Each host (sam-desktop, embedding) runs ONE model at a time on a single GPU; llama-swap evicts the loaded model to serve a request for a different one. So an unattended BooControl bench can evict a model mid-chat, and a chat can pollute a bench mid-run. BooControl P3 made this safe-by-construction for manual runs (human clicks "run", takeover confirmation, concurrent_foreign_requests recorded), but the underlying inflight == 0 check is a courtesy gate with a TOCTOU race against the other three writers (design §8, risk table). That race is the single blocker for unattended bench scheduling and reproducible concurrency sweeps — the reason this batch exists.

The proper fix is a per-host advisory lease in the shared boochat DB that BooControl's scheduler requires and the other three writers honor.

What ships (scope)

  1. control_host_leases table (owned by the BooControl schema, since it is the only required holder; the others are voluntary honorers): holder id, purpose, expires_at, heartbeat timestamp, keyed by provider_id.
  2. Lease lifecycle service in apps/control: acquire (atomic, conditional insert/update), heartbeat (extend expires_at), release, and expiry sweep (a crashed holder's lease lapses without manual cleanup).
  3. The honor-protocol in all four writers: before dispatching to a host, check for an active exclusive lease held by someone else; if present, queue behind it or fail fast with a clear "host leased for " signal. A shared (non-exclusive) lease for ordinary interactive traffic is the default; bench/eval take an exclusive lease.
  4. BooControl consumes it through the existing seam. P3 left acquireHostAccess(providerId, purpose): Promise<HostGrant> in apps/control/src/services/host-access.ts as a no-op returning {ok: true}. This batch swaps its body for a real lease acquire+heartbeat WITHOUT touching the bench engine (which already gates every run through the seam, design §8).
  5. Unattended bench scheduling + reproducible concurrency sweeps unlock once the lease exists (the deferred half of BooControl P3).

Out of scope

  • Cross-host scheduling / global GPU arbitration beyond per-host leases (YAGNI: reopen if per-host leases prove insufficient — implementation-plan Deferred section).
  • Frontier-provider coordination (no single-GPU contention there).
  • Replacing llama-swap's own on-demand eviction; the lease coordinates callers, not the swap engine.

Open questions (resolve before READY)

  • Exclusive vs shared semantics for interactive traffic. Do BooChat/BooCoder take a shared lease per turn (heavyweight) or only read the exclusive-lease flag before dispatch (lightweight, racy on the boundary)? Leaning lightweight: interactive writers read-before-dispatch; only bench/eval take exclusive holds.
  • Honor enforcement granularity. Per-request check vs per-session hold. A per-request check is cheap but a long chat turn could still straddle a lease acquisition. Acceptable for v1?
  • Heartbeat interval + lease TTL. Short TTL = fast crash recovery but more DB chatter; long TTL = a crashed bench blocks the host until expiry. Proposed: TTL 60s, heartbeat 20s.
  • Failure mode when the DB is unreachable.
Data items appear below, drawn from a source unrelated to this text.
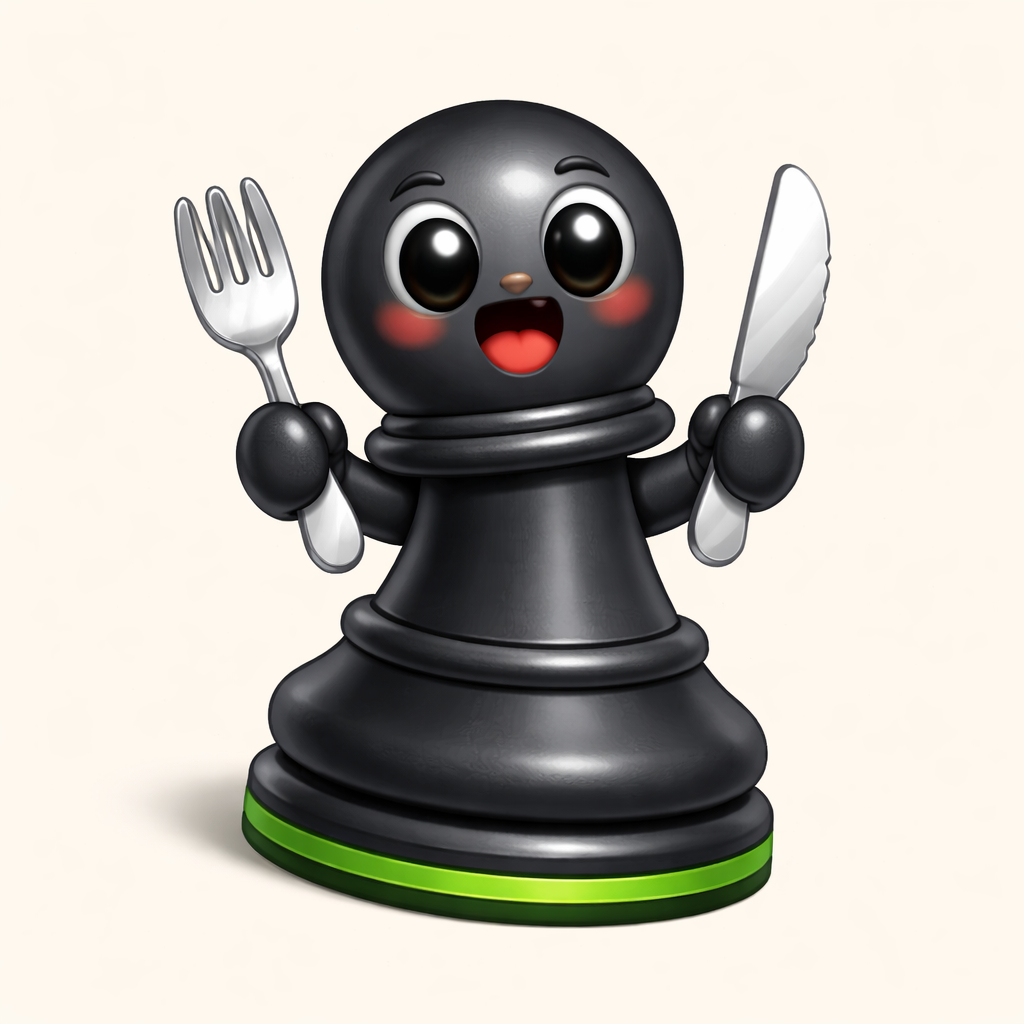 Every Eat Chess game keeps the board as the focal point and treats supporting UI as tactical annotations — warm wood, cream tablecloth, and a thin gold rim around the play surface. The same dining-table feel; different dishes.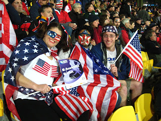 Going into the game we expected to get annihilated but Australia (ranked 3rd in the world), but we didn’t care. This is probably the most patriotic I have, or will ever be. We all bought flags and US colored things, and some of us painted our faces (I didn’t go that far). It was great to also hear all the Americans in the Stadium actually sing the national anthem, as apposed to just standing there and listening to a singers rendition of the song.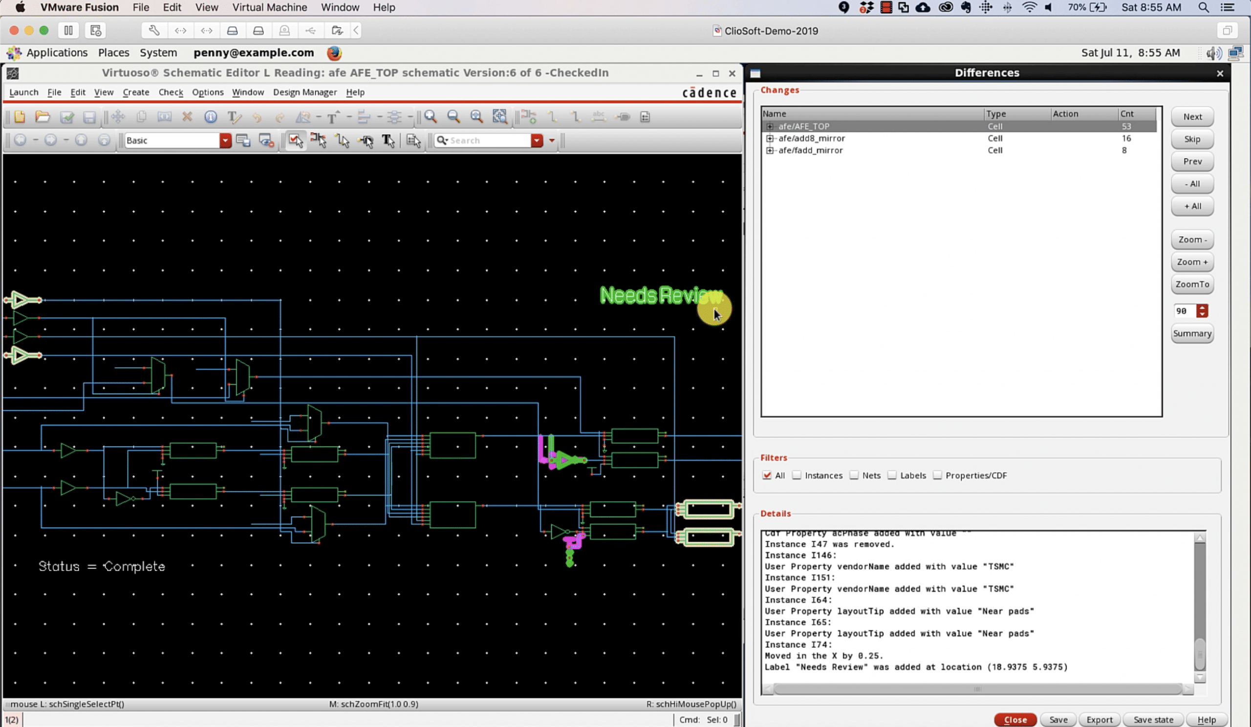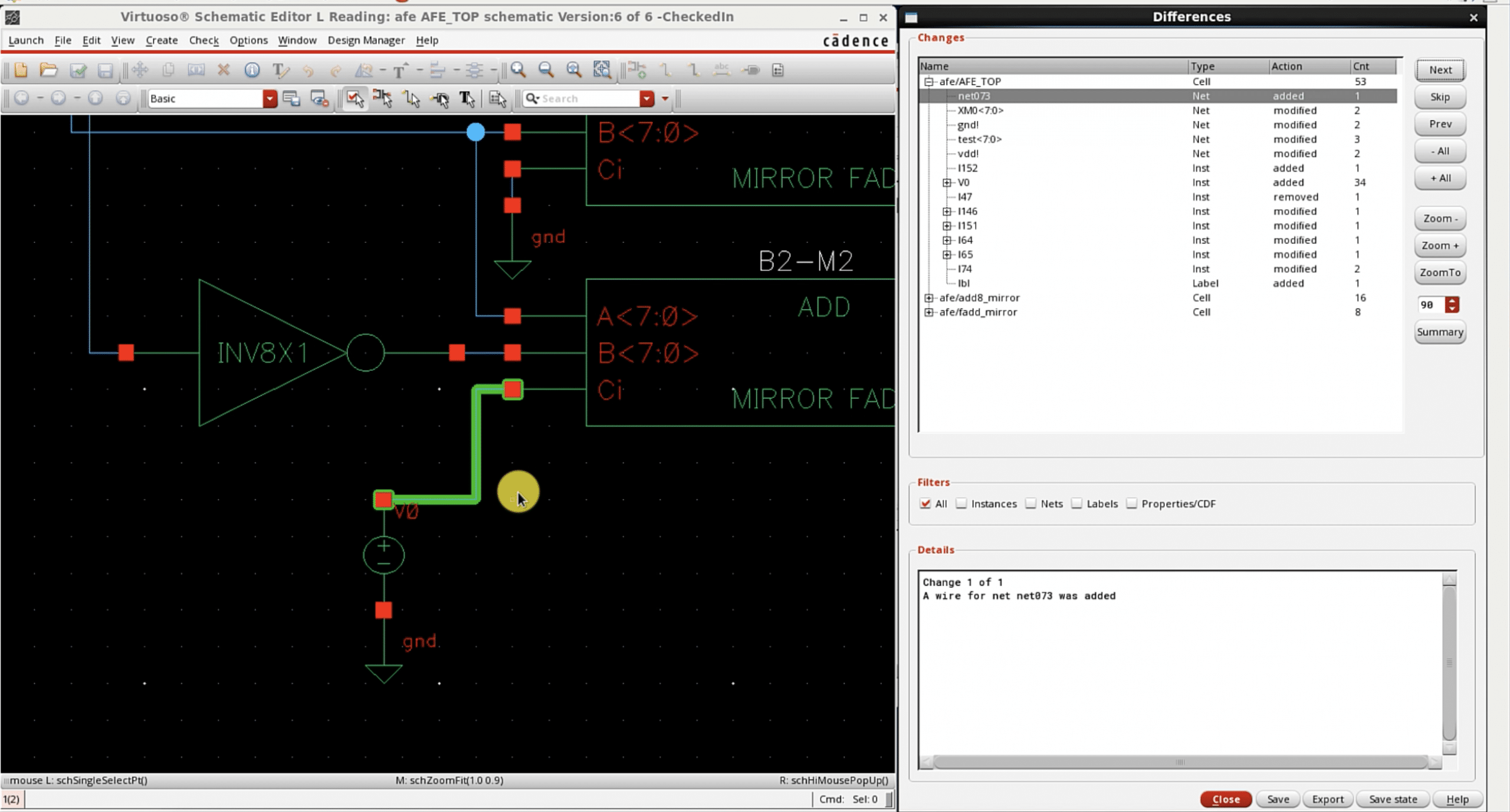 Cliosoft VDD helps schematic and layout engineers using Cadence® Virtuoso® Platform to collaborate and ensure that the latest schematics and layouts are 100% in sync. A schematic engineer can make changes to the schematic without keeping notes to report to the layout engineer. The layout engineer can see all the changes precisely without any help from the designer and can modify the layout to match the latest schematic changes.

Fail-open (dispatch anyway, current behavior) or fail-closed (refuse)? Fail-open preserves chat availability; document the residual race.

Risks

Risk Mitigation
A crashed exclusive holder blocks a host TTL + heartbeat; expiry sweep reclaims lapsed leases
Honor-protocol drift across four services single shared lease-check helper in @boocode/contracts-adjacent shared code, consumed by all four; integration test per writer
DB unreachable mid-dispatch documented fail-open default; lease is advisory, never a hard dependency for interactive chat
Lease check adds latency to every chat turn lightweight read-before-dispatch (one indexed SELECT by provider_id); no per-turn write on the interactive path

References

  • BooControl design §8 Fleet coordination lease (P8 — cross-service) and the P3 seam contract (acquireHostAccess).
  • apps/control/src/services/host-access.ts — the seam to swap.
  • apps/control/src/schema.sql — where control_host_leases lands.